**WORK ORDER**
Ignoring every picture, return the lines of the listing below word for word, from the line that holds "මිලිටරි කාරනා වලදී" through the line that holds "По прогнозам App".

**DATA EXCERPTS**
______________________________
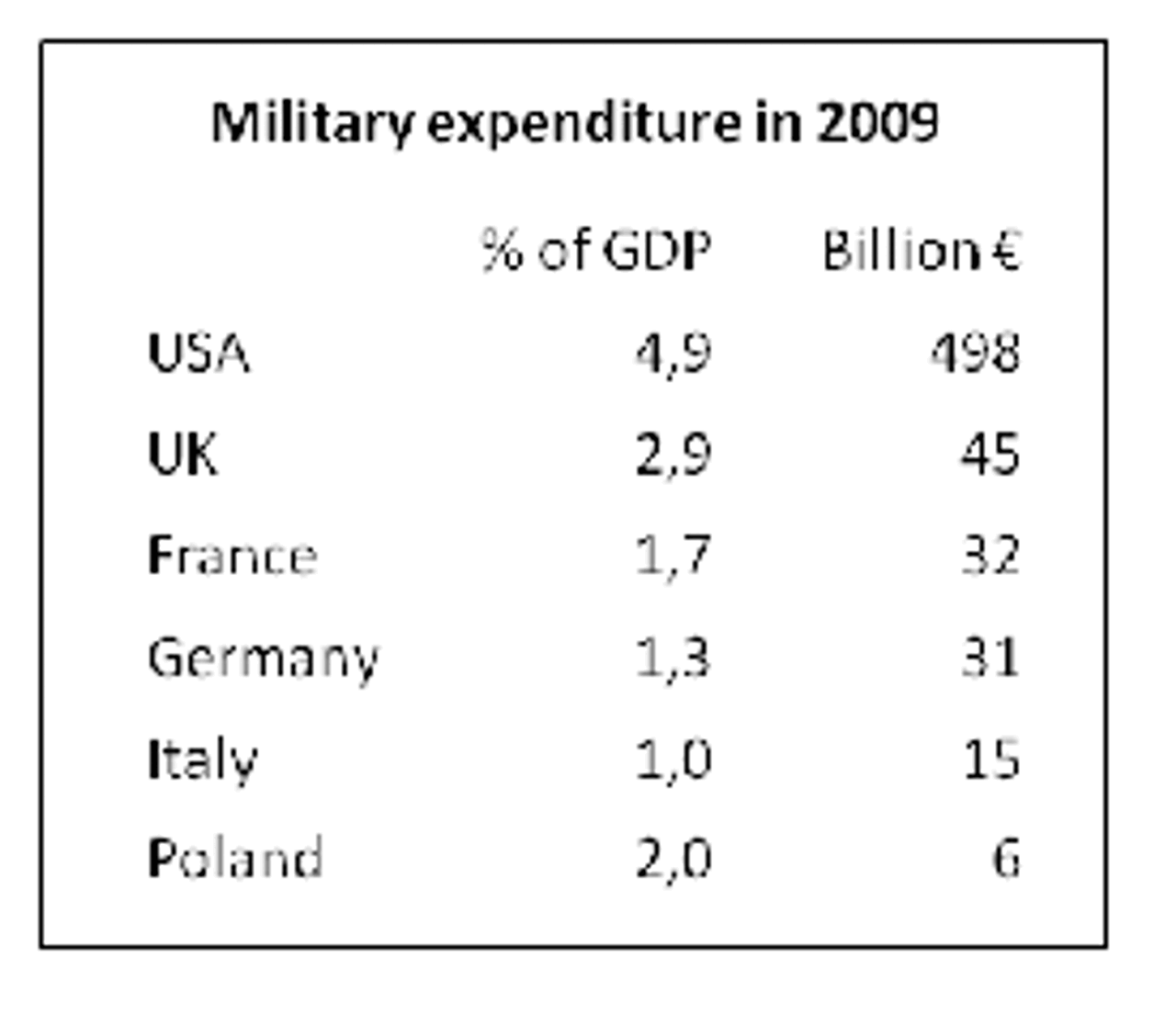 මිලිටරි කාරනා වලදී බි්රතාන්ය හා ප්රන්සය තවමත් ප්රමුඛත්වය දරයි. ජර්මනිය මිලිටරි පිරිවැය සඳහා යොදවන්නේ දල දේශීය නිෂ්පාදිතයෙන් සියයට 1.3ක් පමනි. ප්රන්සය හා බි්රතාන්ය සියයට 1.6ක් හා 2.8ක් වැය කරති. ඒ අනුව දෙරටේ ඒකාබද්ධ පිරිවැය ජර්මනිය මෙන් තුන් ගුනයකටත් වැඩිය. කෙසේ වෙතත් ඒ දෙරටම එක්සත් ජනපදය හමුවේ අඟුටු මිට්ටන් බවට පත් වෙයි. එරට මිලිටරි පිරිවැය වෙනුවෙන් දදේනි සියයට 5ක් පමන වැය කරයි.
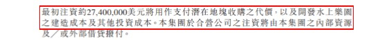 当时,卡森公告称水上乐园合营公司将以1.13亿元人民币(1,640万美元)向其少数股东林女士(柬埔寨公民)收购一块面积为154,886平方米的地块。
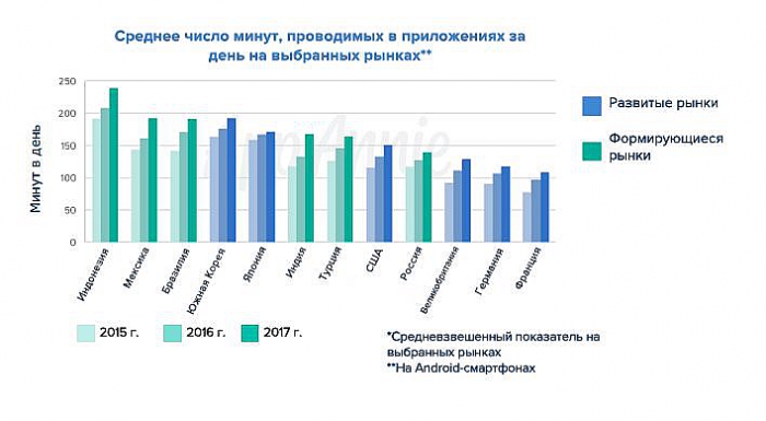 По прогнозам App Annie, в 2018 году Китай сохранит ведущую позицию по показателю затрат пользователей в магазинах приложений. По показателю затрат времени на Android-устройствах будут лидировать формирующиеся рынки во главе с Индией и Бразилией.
______________________________
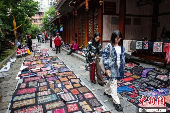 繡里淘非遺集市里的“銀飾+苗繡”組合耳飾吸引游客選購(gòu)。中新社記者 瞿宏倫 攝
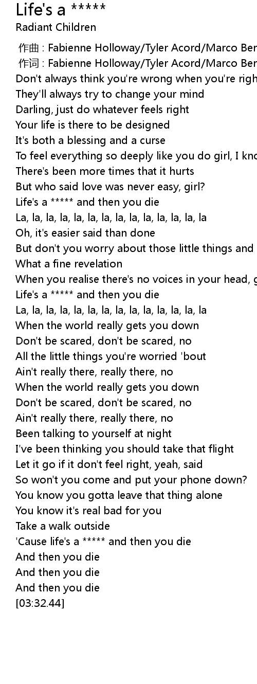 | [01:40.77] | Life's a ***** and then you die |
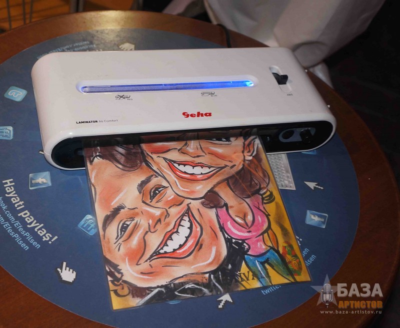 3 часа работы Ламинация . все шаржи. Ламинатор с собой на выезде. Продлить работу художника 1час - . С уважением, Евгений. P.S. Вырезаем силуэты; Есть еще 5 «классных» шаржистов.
______________________________
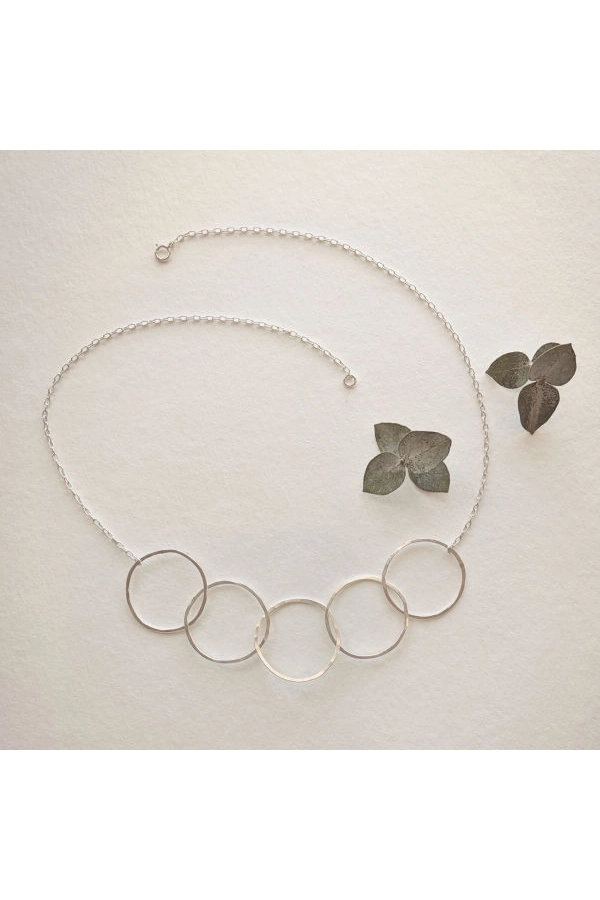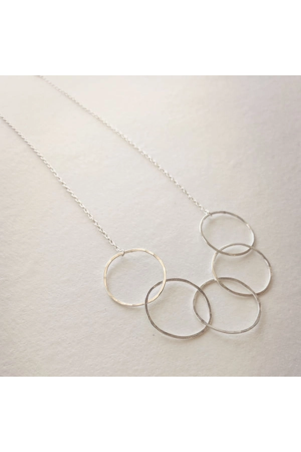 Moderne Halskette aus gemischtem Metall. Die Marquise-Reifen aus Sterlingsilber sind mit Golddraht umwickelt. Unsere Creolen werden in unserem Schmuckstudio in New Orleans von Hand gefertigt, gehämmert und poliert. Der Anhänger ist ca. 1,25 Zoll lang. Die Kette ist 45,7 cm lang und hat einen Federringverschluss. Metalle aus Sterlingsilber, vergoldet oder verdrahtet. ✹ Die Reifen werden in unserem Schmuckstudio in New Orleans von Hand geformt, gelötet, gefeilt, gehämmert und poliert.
______________________________
**RESPONSE TO THE TASK**
 මිලිටරි කාරනා වලදී බි්රතාන්ය හා ප්රන්සය තවමත් ප්රමුඛත්වය දරයි. ජර්මනිය මිලිටරි පිරිවැය සඳහා යොදවන්නේ දල දේශීය නිෂ්පාදිතයෙන් සියයට 1.3ක් පමනි. ප්රන්සය හා බි්රතාන්ය සියයට 1.6ක් හා 2.8ක් වැය කරති. ඒ අනුව දෙරටේ ඒකාබද්ධ පිරිවැය ජර්මනිය මෙන් තුන් ගුනයකටත් වැඩිය. කෙසේ වෙතත් ඒ දෙරටම එක්සත් ජනපදය හමුවේ අඟුටු මිට්ටන් බවට පත් වෙයි. එරට මිලිටරි පිරිවැය වෙනුවෙන් දදේනි සියයට 5ක් පමන වැය කරයි.
 当时,卡森公告称水上乐园合营公司将以1.13亿元人民币(1,640万美元)向其少数股东林女士(柬埔寨公民)收购一块面积为154,886平方米的地块。
 По прогнозам App Annie, в 2018 году Китай сохранит ведущую позицию по показателю затрат пользователей в магазинах приложений. По показателю затрат времени на Android-устройствах будут лидировать формирующиеся рынки во главе с Индией и Бразилией.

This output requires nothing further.